== Segment start ==

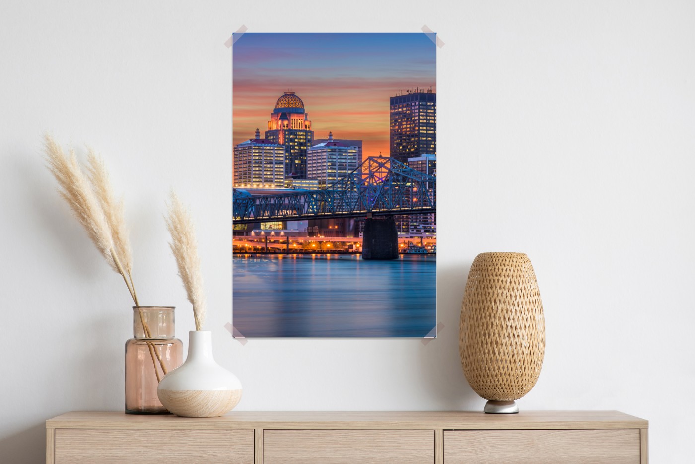 Bringen Sie die lebendige Flussufer-Skyline von Louisville in Ihre Räume mit diesem eindrucksvollen Stadtbild bei Sonnenuntergang, ideal für Wohnzimmer oder Büro.MehrWeniger
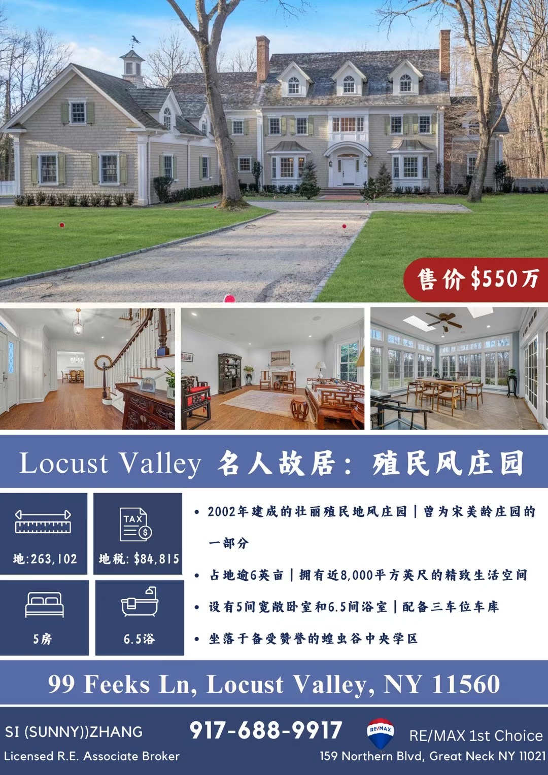 长岛谷溪房子出售Valley Stream NY新上市长岛谷溪房屋独家出售买卖独家代理新上市💰叫价550万 Locust Valley 名人故居:殖民风庄园🏡
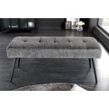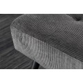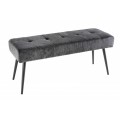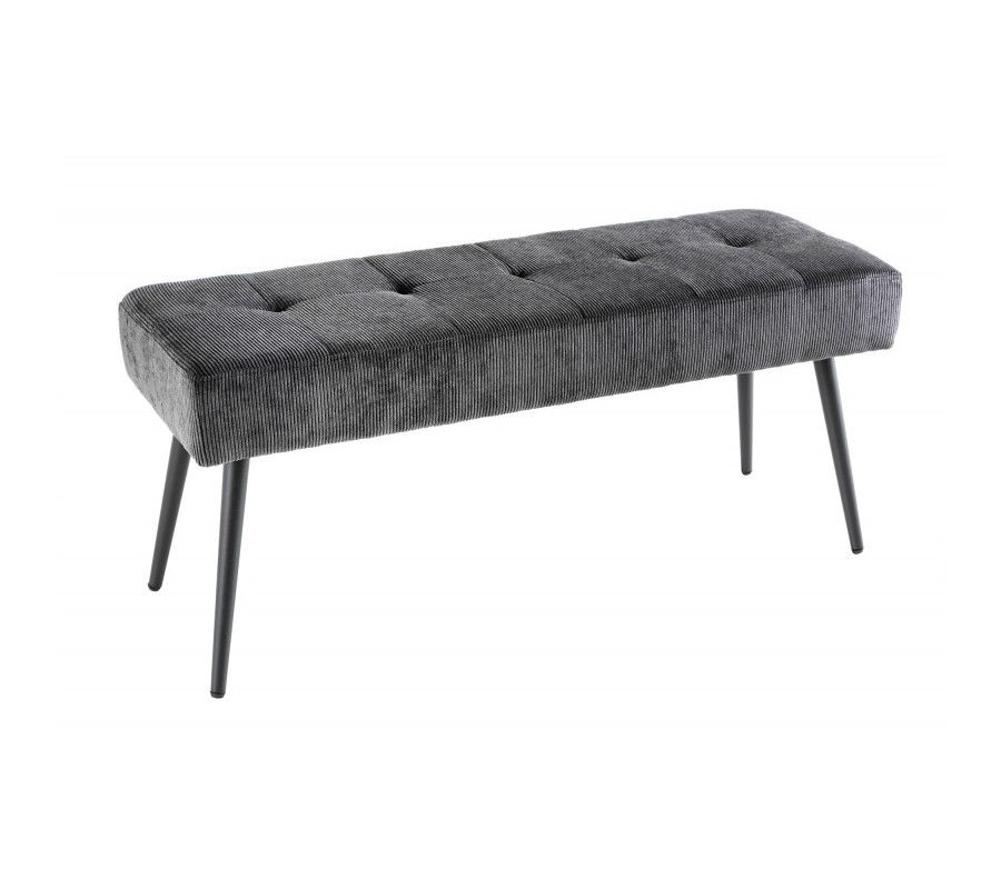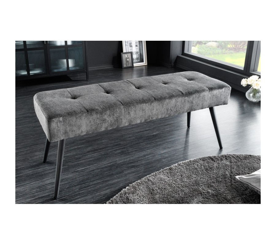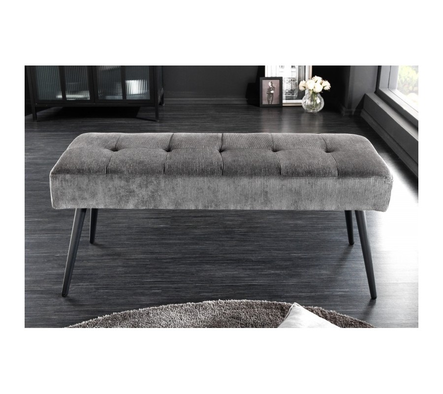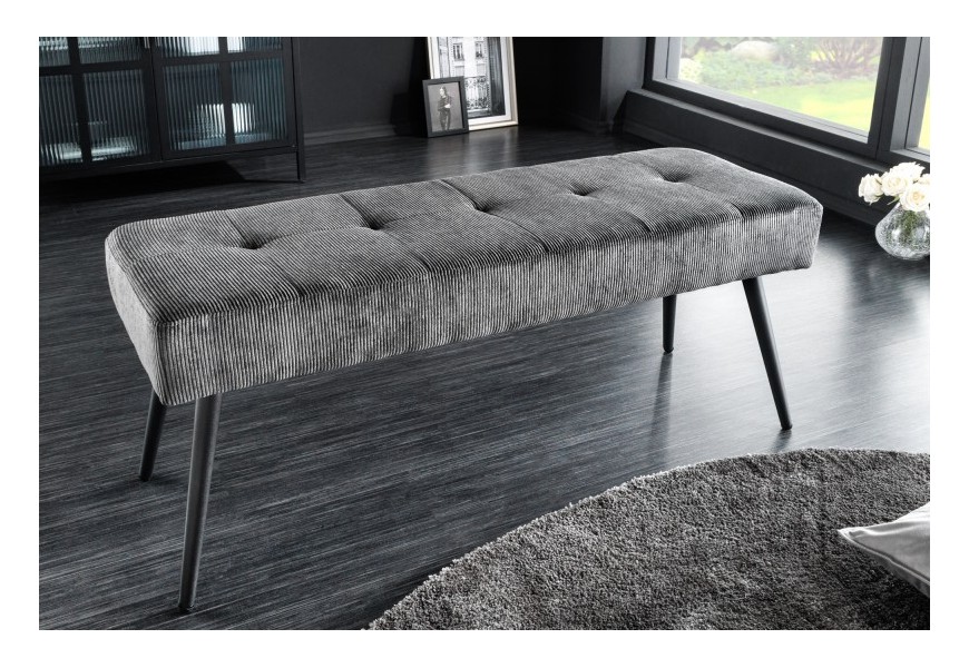 Moderná lavica Soreli Vám ponúka príjemné menčestrové čalúnenie v tmavosivej farbe, ktoré je obohatené o dizajnové prešívanie, podobné štýlu Chesterfield. Retro nádych menčestrového čalúnia štýlovo doplnia štyri kovové nožičky s práškovým nástrekom, ktoré prinesú Vášmu interiéru industriálny nádych.

== Segment end ==

Leave out the pictures. Transcribe only the lines above, from the first through the one that contains "长岛谷溪房子出售Valley Stream NY新上市长岛谷溪房屋独家出售买卖独家代理新上市💰叫价550万".

 Bringen Sie die lebendige Flussufer-Skyline von Louisville in Ihre Räume mit diesem eindrucksvollen Stadtbild bei Sonnenuntergang, ideal für Wohnzimmer oder Büro.MehrWeniger
 长岛谷溪房子出售Valley Stream NY新上市长岛谷溪房屋独家出售买卖独家代理新上市💰叫价550万 Locust Valley 名人故居:殖民风庄园🏡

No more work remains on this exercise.